Machine learning (ML) based MR image reconstruction leverages the great power and flexibility of deep networks in representing complex image priors. However, ML image priors are often inaccurate due to limited training data and high dimensionality of image functions. Therefore, direct use of ML-based reconstructions or treating them as statistical priors can introduce significant biases. To address this limitation, we treat ML-based reconstruction as an initial estimate and use an information theoretical framework to incorporate it into the final reconstruction, which is optimized to capture novel image features. The proposed method may provide an effective framework for ML-based image reconstruction.

Introduction

MR image reconstruction is an ill-posed inverse problem and prone to errors especially when only sparse and limited data are available and/or in the presence of large measurement noise. Machine learning (ML) based methods provide promising solutions to the problem, exploiting significant prior images available in various applications. An important strength of deep learning networks lies in their power and flexibility in representing and learning complex image priors from training data.1-2 However, ML image priors are often inaccurate due to limited training data and high dimensionality of image functions. As a result, direct ML-based reconstructions can produce large reconstruction errors.3 To alleviate this problem, a common strategy is to integrate the ML-based solution into the conventional constrained reconstruction framework via a regularization function.4-7 In this work, we treat ML-based reconstruction as an initial estimate and use an information theoretical framework to incorporate it into the final reconstruction, which is optimized to capture novel image features. The proposed method has been validated in multiple MR image reconstruction applications and produced very encouraging results. It may provide an effective framework for ML-based image reconstruction.

Method

We decompose the desired image function $$$\rho(\boldsymbol{x})$$$ into two components, one absorbing the ML-based image priors and the other capturing any localized novel features:
$$\hspace{16em}\rho(\boldsymbol{x})=f(\rho_{\text{ML}}(\boldsymbol{x}))+\rho_{\text{n}}(\boldsymbol{x})\hspace{16em}$$
$$\hspace{22em}\text{subj.}\:\text{to}\:\left\lVert{W}\rho_{\text{n}}\right\rVert_0\leq\delta.\hspace{22.25em}(1)$$
The first term is a function of the solution provided by the pre-trained neural networks (NN) and the second term is a sparse component under some sparsifying transformation $$$W$$$.

Derivation of the functional form of $$$f(\cdot)$$$
The specific functional form of $$$f(\cdot)$$$ is derived under the minimum cross-entropy principle.
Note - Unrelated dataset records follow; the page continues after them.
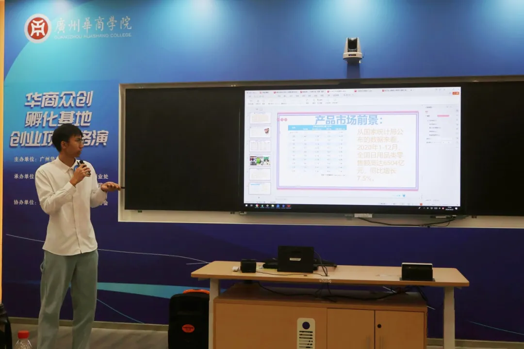 为推动华商众创孵化基地在孵团队成果的转化验收,加强人才培养,吸引更多优秀项目聚集,规范孵化基地项目团队的管理,2024年10月22日,华商众创孵化基地2024年遴选优秀创业团队入驻暨在孵项目团队考核路演活动在广州校区励志楼C301举行。
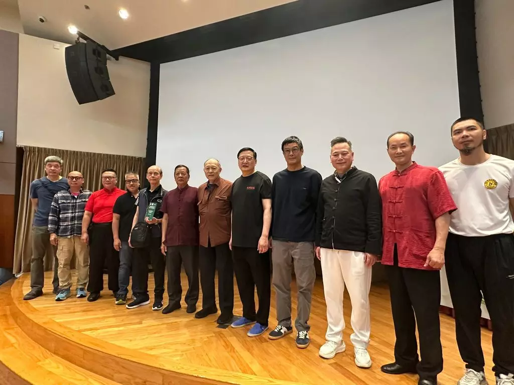 佛山詠春武術盛典暨文化傳承體驗日,多位不同流派傳人都有到場,並即席示範詠春技法。(右起)陳啟棠、羅德志、馮炯雄、車建初、張勇、霍震寰;左三:葉建斌。巴士的報記者攝
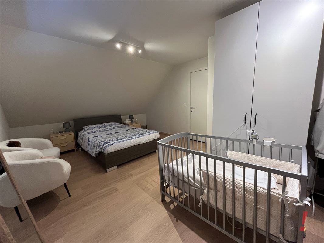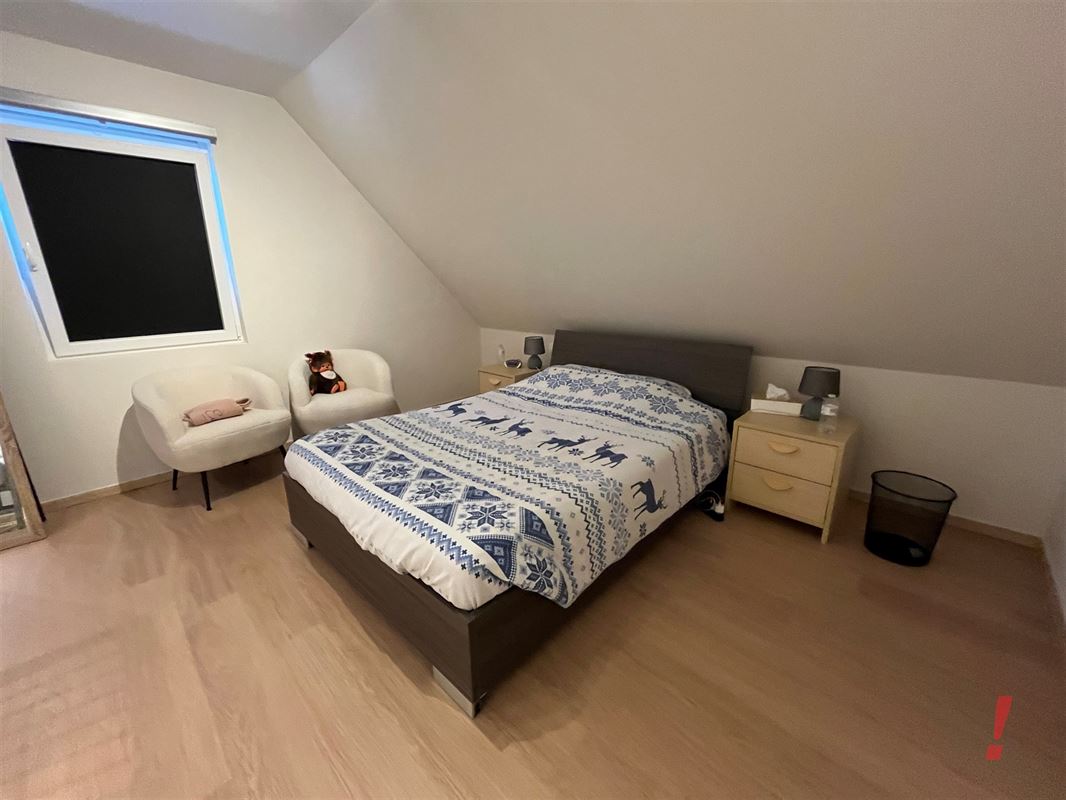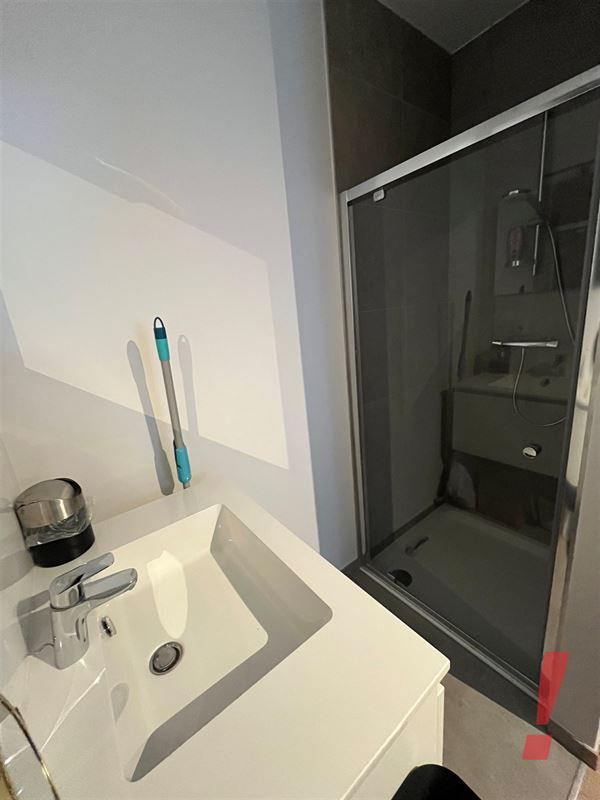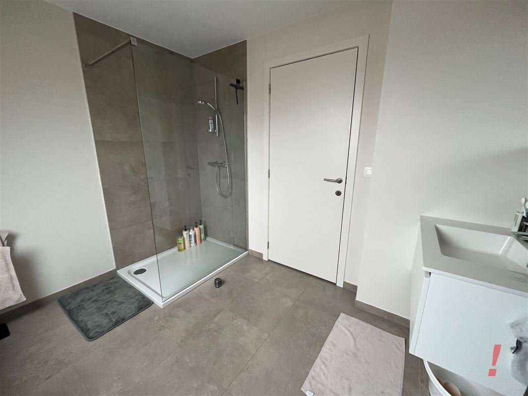 Op de gelijkvloerse verdieping is een 1e slaapkamer met douche en lavabo.
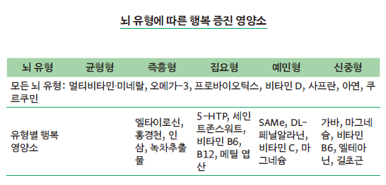 뇌 유형 식단 유형 행복한 음식 균형형 균형 잡힌 식사 프로바이오틱스가 풍부한 식품: 소금에 절인 채소, 김치, 사워크라우트, 케피르(무설탕), 된장국, 피클, 스피룰리나spirulina(남조류에 속하는 나선형 미생물), 클로렐라, 콤부차(저당) 즉흥형 고단백 저탄수화물 식사 집중력과 동기부여를 돕는 도파민이 풍부한 식품: 강황, 녹차, 렌틸콩, 생선, 양고기, 닭고기, 칠면조, 쇠고기, 달걀, 견과류와 씨앗류, 고단백 채소(브로콜리, 시금치 등), 단백질 분말 집요형 복합탄수화물 비율이 높고 단백질 비율이 낮은 식사 세로토닌이 풍부한 식품: 트립토판을 함유한 식품(달걀, 칠면조, 해산물, 병아리콩, 견과류, 씨앗류)과 고구마, 퀴노아처럼 몸에 좋은 탄수화물을 함께 섭취해 인슐린이 뇌로 가도록 돕자. 예민형 균형 잡힌 식사 엔도르핀 분비를 자극하는 식품: 매운 음식(할라페뇨, 하바네로, 칠리 같은 고추)과 다크 초콜릿 신중형 균형 잡힌 식사 비타민 B6가 풍부한 식품: 시금치, 마늘, 브로콜리, 방울양배추, 바나나
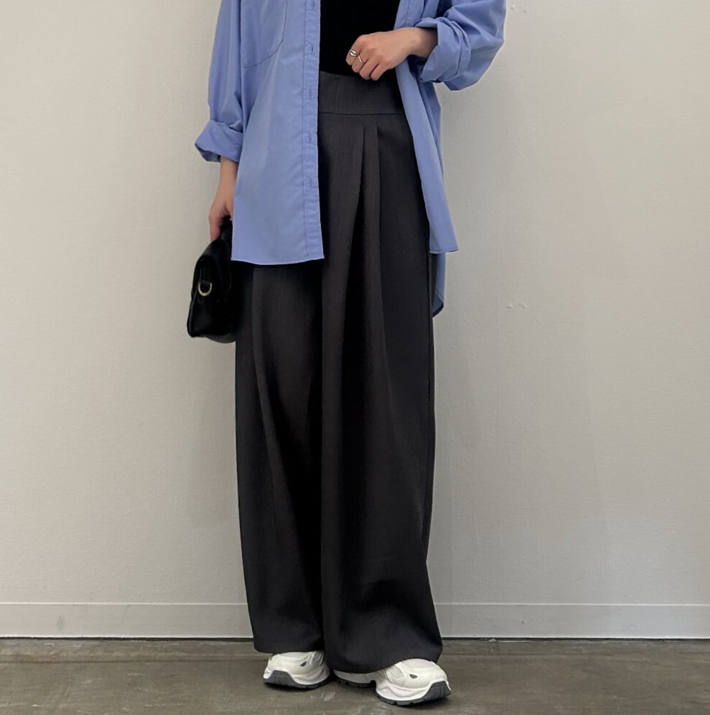 ウエストの配色ベルトが程よいアクセントになり、トップスインのスタイリングも映えます。
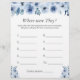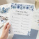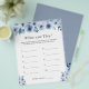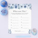 ¿Buscas una actividad única y divertida para la despedida de soltera? ¡No busques más allá de nuestro Juego de Despedida de Soltera Floral Azul Polvoriento Dónde Estaban! Este juego es una excelente manera de hacer que tus invitados interactúen y compartan historias sobre la feliz pareja. Este juego es perfecto para cualquier novia próxima a casarse y añadirá un toque especial a tu celebración.
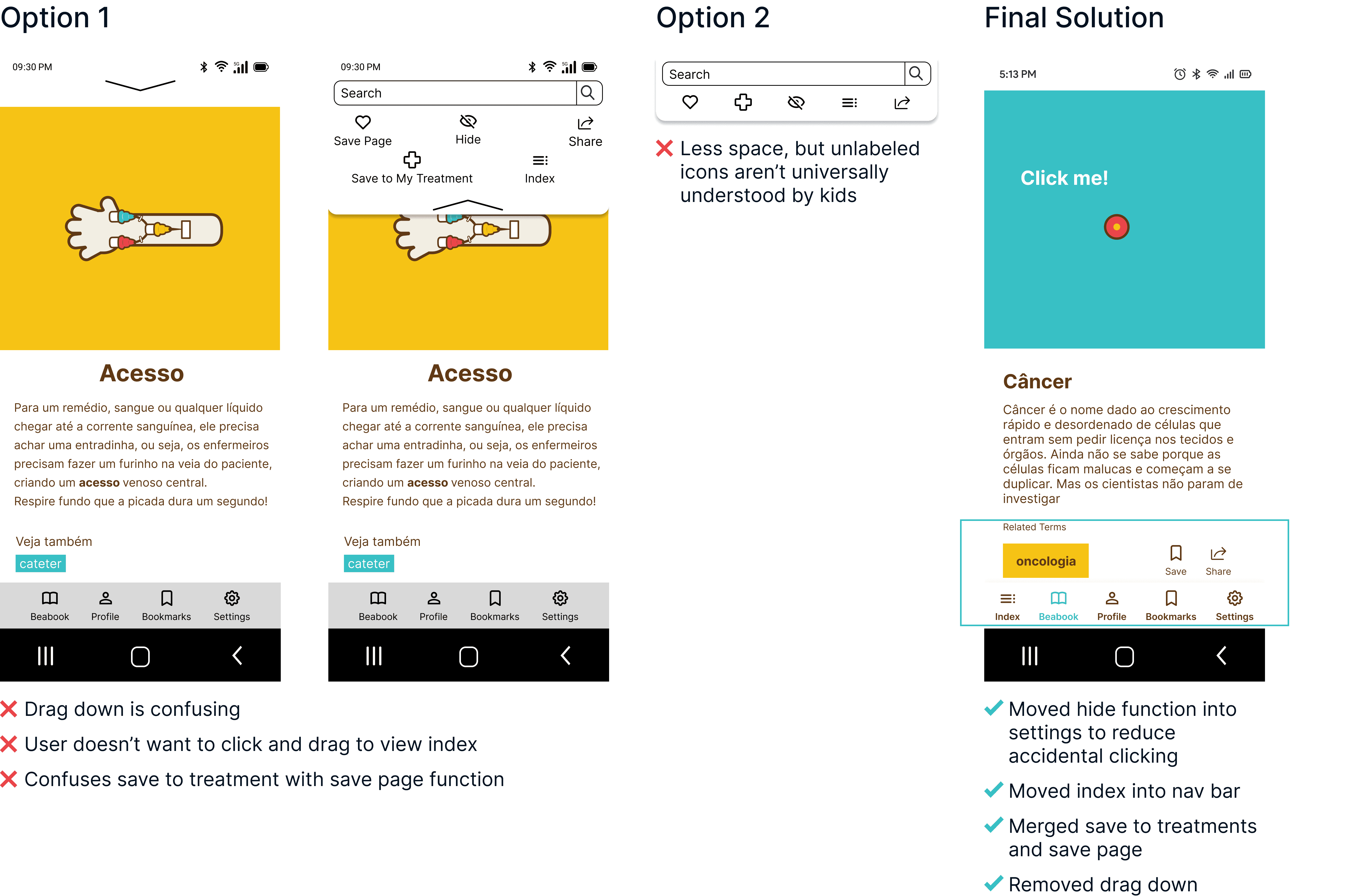 Beaba is an organization in Brazil that uses technology to demystify cancer for children and parents. My role was to lead the integration of Beabook, Beaba's physical cancer guide containing 200+ terms related to cancer, into a mobile app to help 32,000+ cancer patients and families worldwide feel more informed and empowered during their cancer journeys.
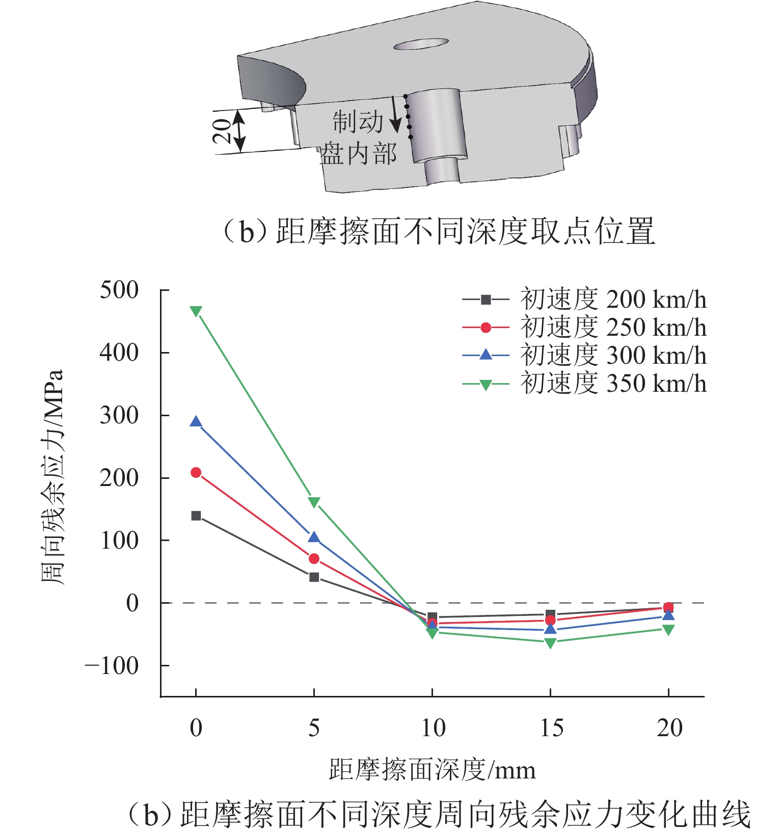 动车组制动盘在长期服役过程中会形成复杂的残余应力,进而使盘体在拆解后形成不可恢复的翘曲变形,为探究残余应力与翘曲变形对制动盘后续维修和重复利用可行性的影响,首先,通过测试动车组轮装铸钢制动盘材料不同温度下的拉伸应力-应变数据,构建对应的材料Ramberg-Osgood本构模型,在有限元软件中建立制动盘循环对称三维瞬态仿真模型;其次,针对列车不同制动初速度、不同平均减速度等制动工况,采用间接耦合方法分析制动盘表层与心部残余应力的形成与平衡过程,研究制动盘结构约束释放后的翘曲变形量变化,采用分段函数与多项式拟合制动盘变形量与制动能量、热输入功率的函数关系;最后,通过对服役后的制动盘进行翘曲变形量测量与X射线残余应力测试,对比分析了对应仿真条件时制动盘摩擦面残余应力分布规律,发现仿真结果与实测数据具有较好的数据和趋势一致性. 研究表明:制动盘翘曲变形量与制动能量、制动减速度呈正相关关系,制动工况越严苛制动盘翘曲变形量越大;仿真与实测均表明高残余拉应力位于摩擦面中部螺栓孔附近,且制动工况越严苛残余拉应力值越大.
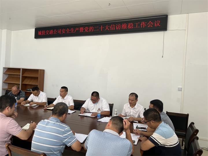 同日,交通公司召開安全生產與黨的二十大信訪維穩工作會議。會議指出,做好安全生產與黨的二十大信訪維穩工作責任重大,要站在講政治、顧大局的高度,保持清醒頭腦,認清嚴峻形勢,切實增強“時時放心不下”的政治責任感,嚴而又嚴、實而又實地防風險、保安全、護穩定,堅決防止各類安全事故、信訪事件發生,努力為黨的二十大勝利召開營造安全穩定的環境。
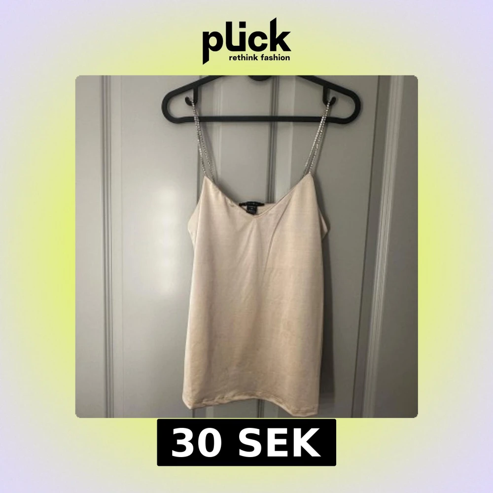 Snygg beige linnetopp med glittriga kedjeband som axelband.Toppen har en enkel och stilren design som passar till många olika outfits.
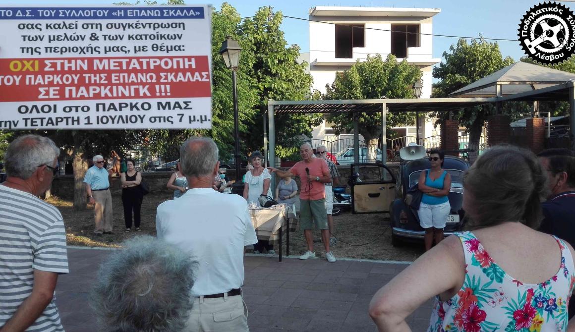 Την Τετάρτη 1η Ιουλίου 2020 στις 19:00 το απόγευμα συγκεντρώθηκαν στο πάρκο της Επάνω Σκάλας γνωστό με το όνομα "Παιδική Χαρά" περίοικοι, κάτοικοι της ευρύτερης περιοχής αλλά και πολίτες της Μυτιλήνης που είναι αντίθετοι στην επιθυμία του Δήμου να μετατρέψει την Παιδική Χαρά σε χώρο στάθμευσης!
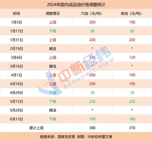 今年以来,国内成品油价已经历十二轮调整,呈现“五涨四跌三搁浅”格局,涨跌互抵后,汽、柴油标准品分别累计上涨380元/吨、370元/吨。若本轮调价落地,年内成品油价格调整将呈现“六涨四跌三搁浅”格局。
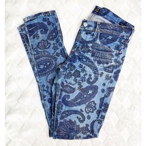 These paisley skinny jeans feature 5-pocket styling and a single-button closure. Stretch denim. 98% cotton/2% elastane.
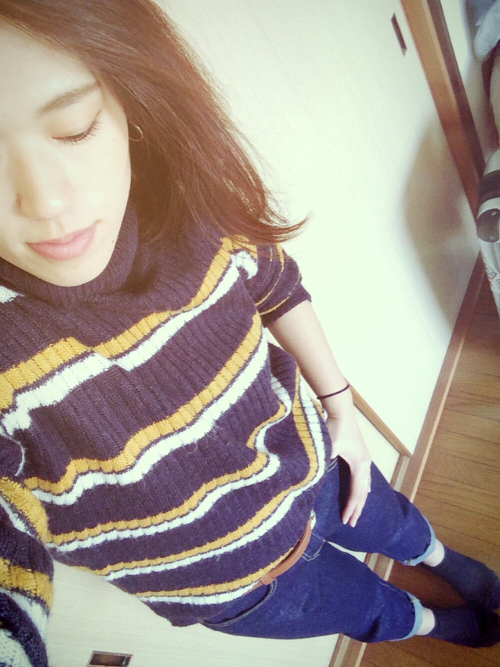 休日ラフ着👖👟💛 靴は黒のハイカットコンバース★ モカ🐶のカットに出かけて あとは家でまったり😇✨ さいこー🙌🙌
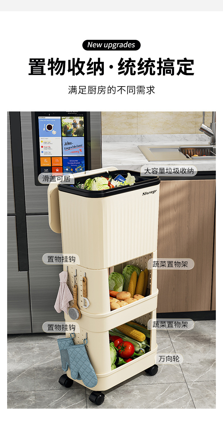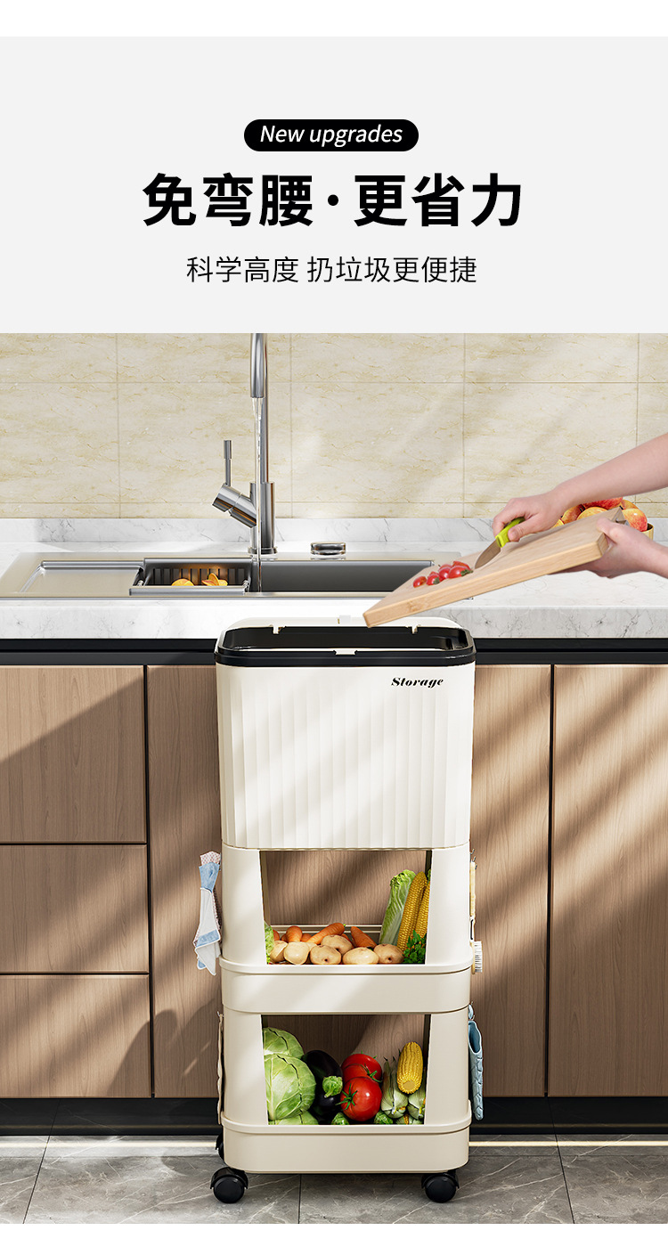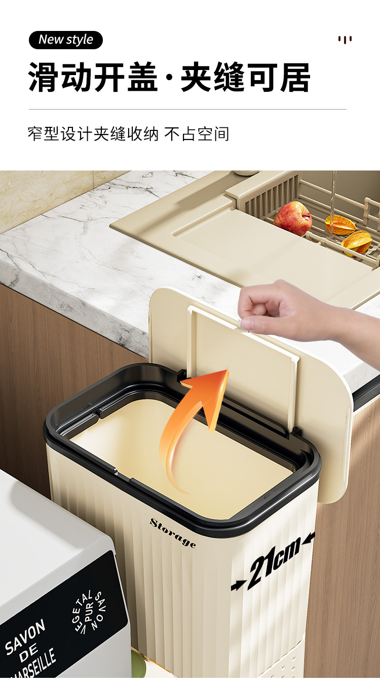 주방 휴지통 가정용 대용량 슬라이드 이동식 더블 레이어 높은 일본식 비 벤딩 일본식 스토리지 랙
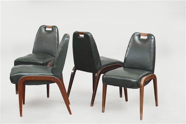 Lotto composto da quattro sedie con rivestimento in skai verde, gambe in legno massello sagomato. Italia, anni '50. (cm 45,5x82x65) (difetti)

More specifically, we treat the ML-based solution $$$\rho_{\text{ML}}(\boldsymbol{x})$$$ as an initial estimate for $$$\rho(\boldsymbol{x})$$$ and the optimal reconstruction is the one minimizing the cross-entropy measure under data-consistency constraint:
$$\min_{\rho(\boldsymbol{x})}\int\rho(\boldsymbol{x})\log\frac{\rho(\boldsymbol{x})}{\rho_{\text{ML}}(\boldsymbol{x})}d\boldsymbol{x}$$
$$\hspace{19em}\text{subj.}\:\text{to}\:d(m\Delta\boldsymbol{k})=\int\rho(\boldsymbol{x})e^{i2\pi{m}\Delta\boldsymbol{k}\boldsymbol{x}}d\boldsymbol{x}.\hspace{17.5em}(2)$$
The motivation for the use of minimizing cross-entropy principle is that it forces any new image features added to the solution to have evidence from the measured data.7 It can be proved that the solution to Eq. (2) takes the following form:
$$\hspace{17.5em}\bar{\rho}(\boldsymbol{x})=\rho_{\text{ML}}(\boldsymbol{x})\text{exp}\left(\sum_{m}c_{m}e^{i2\pi{m}\Delta\boldsymbol{k}\boldsymbol{x}}-1\right),\hspace{17.25em}(3)$$
which can be approximated by:
$$\hspace{19.5em}\bar{\rho}(\boldsymbol{x})\approx\rho_{\text{ML}}(\boldsymbol{x})\sum_{m}c_{m}e^{i2\pi{m}\Delta\boldsymbol{k}\boldsymbol{x}}.\hspace{20.25em}(4)$$
Eq. (4) is also known as the generalized series (GS) model.9 As a result, the functional form of $$$f(\cdot)$$$ is chosen to be $$$f(\rho_{\text{ML}})=\rho_{\text{ML}}(\boldsymbol{x})\sum_{m}c_{m}e^{i2\pi{m}\Delta\boldsymbol{k}\boldsymbol{x}}$$$.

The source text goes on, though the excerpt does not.